On October 18, 2012, the Company redeemed the remaining 2,554,235 shares of Series A Preferred Stock at the $25.00 per share liquidation value plus accrued and unpaid dividends of $0.0948460 per share on such redeemed shares for approximately $64.1 million.
During the year ended December 31, 2011, the Company issued 1,708,276 shares of common stock and 1,740,000 shares of Series B Non-Voting Cumulative Preferred Stock (the “Series B Preferred Stock”), par value $0.01 per share. All of the shares were issued to partially fund the 2011 Acquisition discussed in detail in Note 19 in the Notes to the Consolidated Financial Statements contained in this Form 10-K.
On October 24, 2011, the Company, on behalf of a selling stockholder, closed on a public offering of 3,162,069 shares of common stock. The 3,162,069 shares of common stock sold included 1,453,793 shares of common stock issued by the Company upon redemption of 1,453,793 shares of Series B Preferred Stock. The Company did not receive any proceeds from the offering. On December 23, 2011, the remaining 286,207 Series B Preferred Stock were redeemed for 286,207 shares of common stock. As of the December 31, 2011, the Company did not have any Series B Preferred Stock outstanding.
Note 4—Common Stock and Other Equity Related Transactions (continued)
On June 7, 2011, the Company issued 6,037,500 shares of common stock in an equity offering for approximately $344.0 million in proceeds, net of offering costs. The proceeds were used to partially fund the 2011 Acquisition discussed in detail in Note 19 in the Notes to Consolidated Financial Statements contained in this Form 10-K.
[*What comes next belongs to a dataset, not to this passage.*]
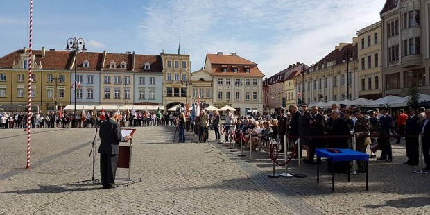 W poprzednich latach o rocznicy agresji sowieckiej na Polskę pamiętały tylko organizacje prawicowe takie jak Klub GP, Solidarni2010, Idee Solidarności 1980-89, Przymierze. Tego dnia w ciszy i samotności składali kwiaty pod Pomnikiem Walki i Męczeństwa. W tym roku nastał czas „dobrej zmiany” . Była orkiestra wojskowa, honorowa warta , poczty sztandarowe. Przemówienie wygłosił Wicewojewoda Kujawsko – Pomorski Józef Ramlau. Uroczystości miały charakter szczególny także z innego powodu. Po raz ostatni odbywały się one w miejscu upamiętniającym bydgoszczan rozstrzeliwanych w pierwszych dniach września 1939r. Stojący tu pomnik od dawna przeszkadza włodarzom miasta. Poprzedni prezydent chciał go przenieś na peryferia miasta. Planów tych jednak nie zdążył zrealizować, obecny rządzący z ramienia Platformy Obywatelskiej podjął już decyzje o „postawieniu go do kąta”, czyli przesunięcia go w róg rynku, po to by nie rzucał się za bardzo w oczy i nie drażnił Niemców. Utrudni to też organizowanie w tym miejscu uroczystości rocznicowych. Nieoficjalnie mówi się, że w miejscu, w którym rozstrzeliwano bydgoszczan powstanie miejsce na scenę i będą tu organizowane imprezy rozrywkowe. Organizacje prawicowe jednoznacznie potępiły te plany. Od ponad roku trwają też zabiegi o zmianę napisu znajdującego się na sokole Pomnika Walki i Męczeństwa obecnie brzmi on „ W hołdzie ofiarom faszyzmu 1939 – 45”, podczas gdy w rzeczywistości Polaków rozstrzeliwali niemieccy naziści, apomnik jest także miejsce gdzie bydgoszczanie składają hołd ofiarom komunizmu. Stąd też zmianę znajdującego się na sokole napisu zaproponował działacz opozycji demokratycznej, wielokrotny mistrz Polski we wioślarstwie Andrzej Mazurowicz. Odpowiedni wniosek w tej sprawie do Prezydenta Miasta Bydgoszczy wniosło Stowarzyszenie Osób Represjonowanych w PRL „Przymierze” , ten z koli przesłał go do zaopiniowania do Rady Ochrony Pomników Walki i Męczeństwa, która zmiany zaopiniowała pozytywnie. Mimo to włodarze miasta nie podejmują odpowiednich działań w celu wprowadzenia oczekiwanych zmian. W tej sytuacji działacze Przymierza wspierani przez Przewodniczącego Klubu GP K. Frelichowskiego podczas uroczystości stanęli pod pomnikiem z banerem zawierającym proponowany nowy napis: „Pamięci ofiar totalitaryzmu niemieckiego 1939-45 oraz sowieckiego i polskiego aparatu represji1937-89”.  W ten sposób srali się przypomnieć władzom o swoim postulacie.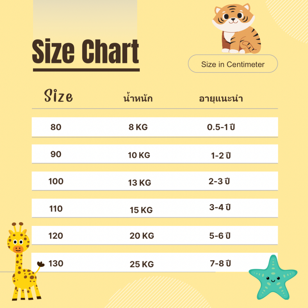 ขนาด 80: น้ำหนักอ้างอิง: 8 กก. อายุที่แนะนำ: 0.5-1 ปี ขนาด 90: น้ำหนักอ้างอิง: 10 กก. อายุที่แนะนำ: 1-2 ปี ขนาด 100: น้ำหนักอ้างอิง: 13 กก. อายุที่แนะนำ: 2-3 ปี ขนาด 110: น้ำหนักอ้างอิง: 15 กก. อายุที่แนะนำ: 3-4 ปี ขนาด 120: น้ำหนักอ้างอิง: 20 กก. อายุที่แนะนำ: 5-6 ปี ขนาด 130: น้ำหนักอ้างอิง:

On March 4, 2011, the Company, on behalf of selling stockholders, closed on a public offering of 8,000,000 shares of Series A Preferred Stock, par value $0.01 per share, liquidation preference of $25.00 per share, at a price of $24.75 per share. The selling stockholders received the Series A Preferred Stock in exchange for $200 million of previously issued series D and series F Perpetual Preferred OP Units. Holders of the Series A Preferred Stock have preference rights with respect to liquidation and distributions over the common stock. The Company has the option at any time to redeem the Series A Preferred Stock at a redemption price of $25.00 per share, plus accumulated and unpaid dividends. The Company did not receive any proceeds from the offering.